American Football

How smaller QBs can win from the pocket


Atlanta Falcons v Arizona Cardinals
Photo by Mike Christy/Getty Images

Could Kyler Murray take a page out of Brock Purdy’s book?

This morning on Arizona Sports Radio, Bickley and Marotta tweeted out the following question:

In my opinion, what Kyler Murray needs to do most:

  1. Use his feet to create clear passing lanes from in and around the pocket, which includes, at times, climbing the pocket (something he has been loath to do thus far in the NFL).
  2. Start escaping through the middle of the pocket the way he used to do his first couple of years (and stopped doing after he injured his shoulder trying to escape up the middle against the Seahawks) —- this is what NFL defenses would fear the most from Kyler —- and if and when he poses that threat again, it will slow down opposing pass rushes and make the pass rushers significantly more tentative.

One of the main reasons why Sean Payton was so successful with Drew Brees was the result of the ways in which Payton taught Brees how to maneuver his feet in the pocket to buy that precious extra second of time and to shuffle his feet and eyes into clear passing lanes.

Can a #1 pick QB take a page out of Mr. Irrelevant’s modus operandi?

What Brian Baldinger is profiling here is an absolute clinic from 49ers’ QB Brock Purdy, whom they won the lottery with in the last selection of the 2022 NFL Draft at pick #262, to be exact.

Brock Purdy is listed as 6-1, 220…but that may be a bit of a stretch.
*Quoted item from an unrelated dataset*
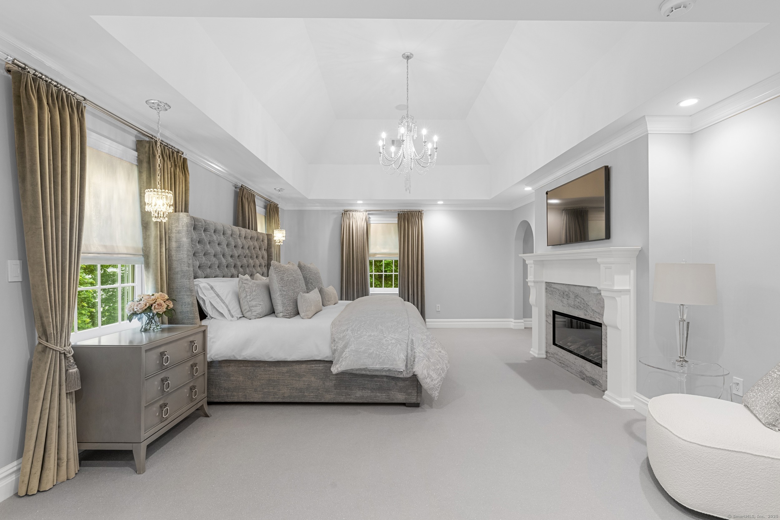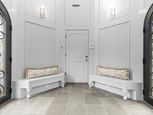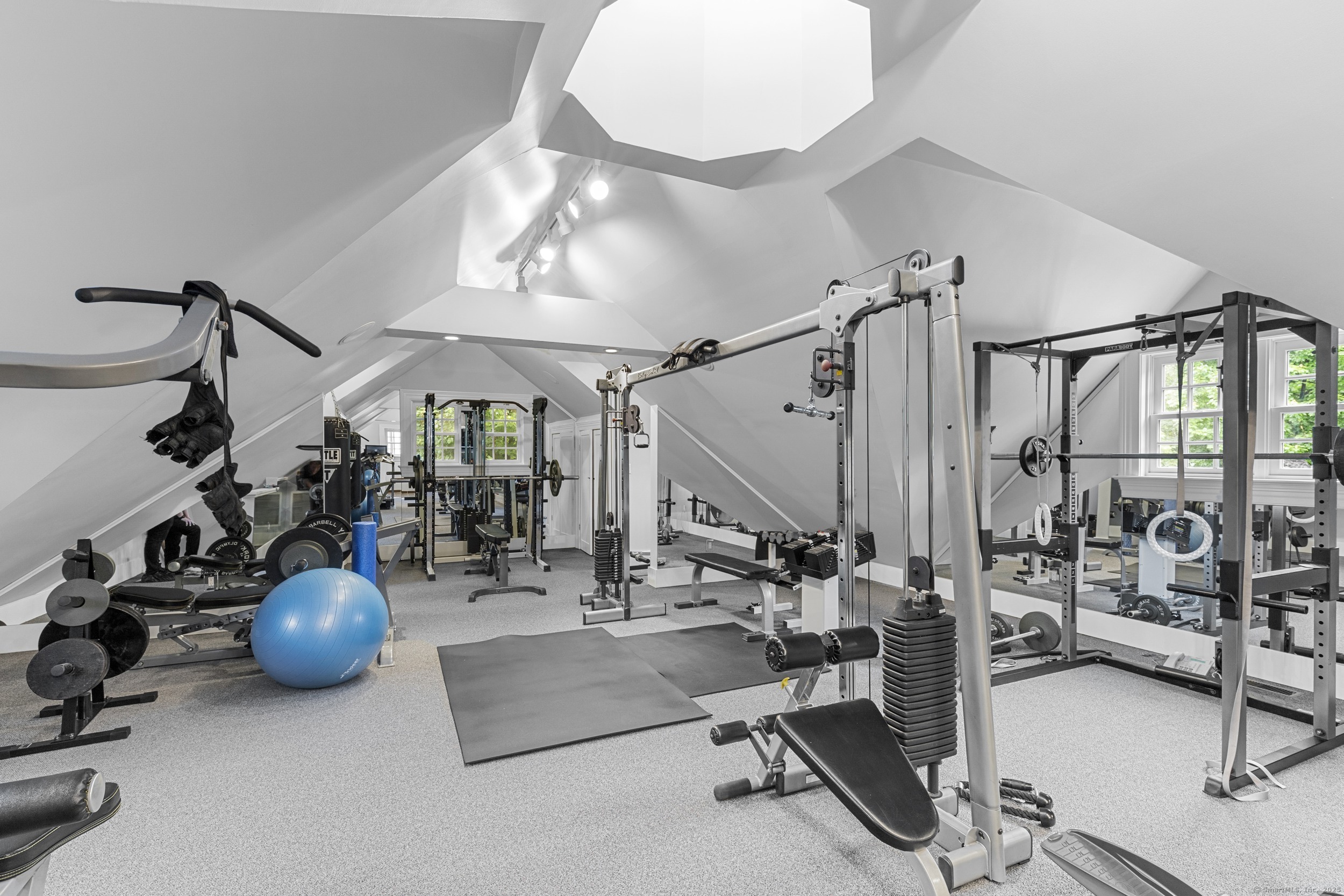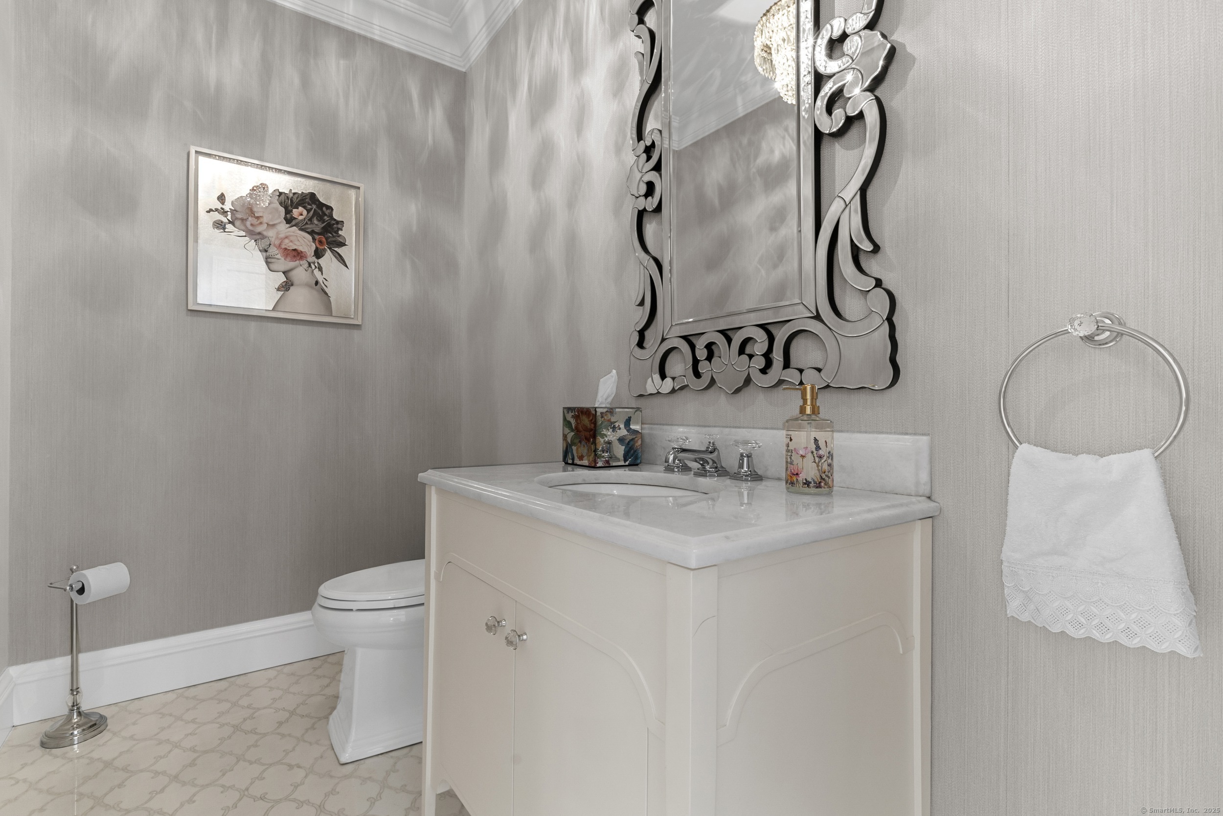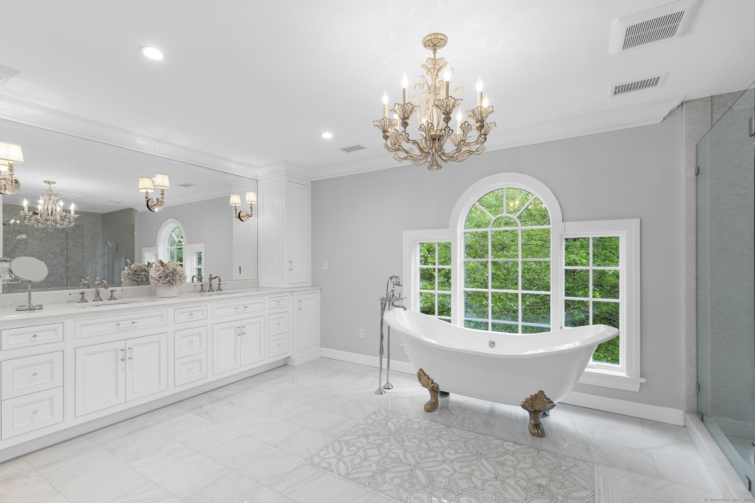 A rare offering in back-country Greenwich, this timeless estate is set on 3.58 exquisitely landscaped and gated acres, masterfully blending classic architecture with contemporary luxury. Designed for both grand-scale entertaining and intimate everyday living, the residence offers a sun-filled interior with soaring ceilings, custom millwork, and modern, bespoke finishes throughout. The grand foyer of this center hall colonial sets the tone for elegant, refined living. The gourmet marble kitchen opens to a multi-exposure family room with sweeping views of the manicured yard, pool, and fully equipped outdoor kitchen. The grounds are equally captivating, with a tranquil koi pond enhancing the natural beauty of the landscape. The luxurious primary suite with sitting area, spa-inspired bath, and three walk-in closets is among five second-level bedroom suites, each offering exceptional privacy and comfort. A versatile second-level suite with private entrance currently functions as a private gym but can effortlessly serve as an au pair suite or guest quarters. The thoughtfully executed lower level is fit with a theater, bar, wine cellar, and recreation spaces. The pool house extends the living experience with two additional bedrooms and two full baths-set amidst expansive patios and a lush, tree-lined lawn. Located just minutes from town, schools, and 45 minutes to Manhattan, this meticulously designed compound offers a rare blend of serenity, sophistication, and convenience.

By NFL standards, Brock Purdy is a small QB.

As you can see in this video, Purdy has the poise and the patience to work his feet into the most suitable position to then be able to deliver downfield strikes with precise timing and touch.

Can a QB be taught how to “feel” his way in and around the pocket?

Some QBs like Tom Brady have a kind of sixth sense about them in terms of shuffling away from pressure. However, QB coaches can teach and rep the “feel” and “footwork” that can make all the difference between a batted down pass thrown too soon (or too late) and a chains-moving downfield strike thrown to a WR in stride.

“Finding the eye of the tornado” drill.

Now that you have watched this clinic once —- do yourself a favor and watch it a second time in order to imagine what each play would have looked like had Brock Purdy stayed more stationary or at the original back end of his drop back.

Kyler Murray would be well-advised to make his pocket a true pocket —- that would include taking shuffle steps forward when necessary and possible.

And if he starts to bolt up the middle of the pockets —- look out!

For those of you who play Pac Man —- the most advantageous way you can dominate in that game by out-maneuvering the ghosts, is to escape through the middle, whenever the occasion presents itself and ghosts, especially when “Blinky” and “Pinky” are breathing down your neck.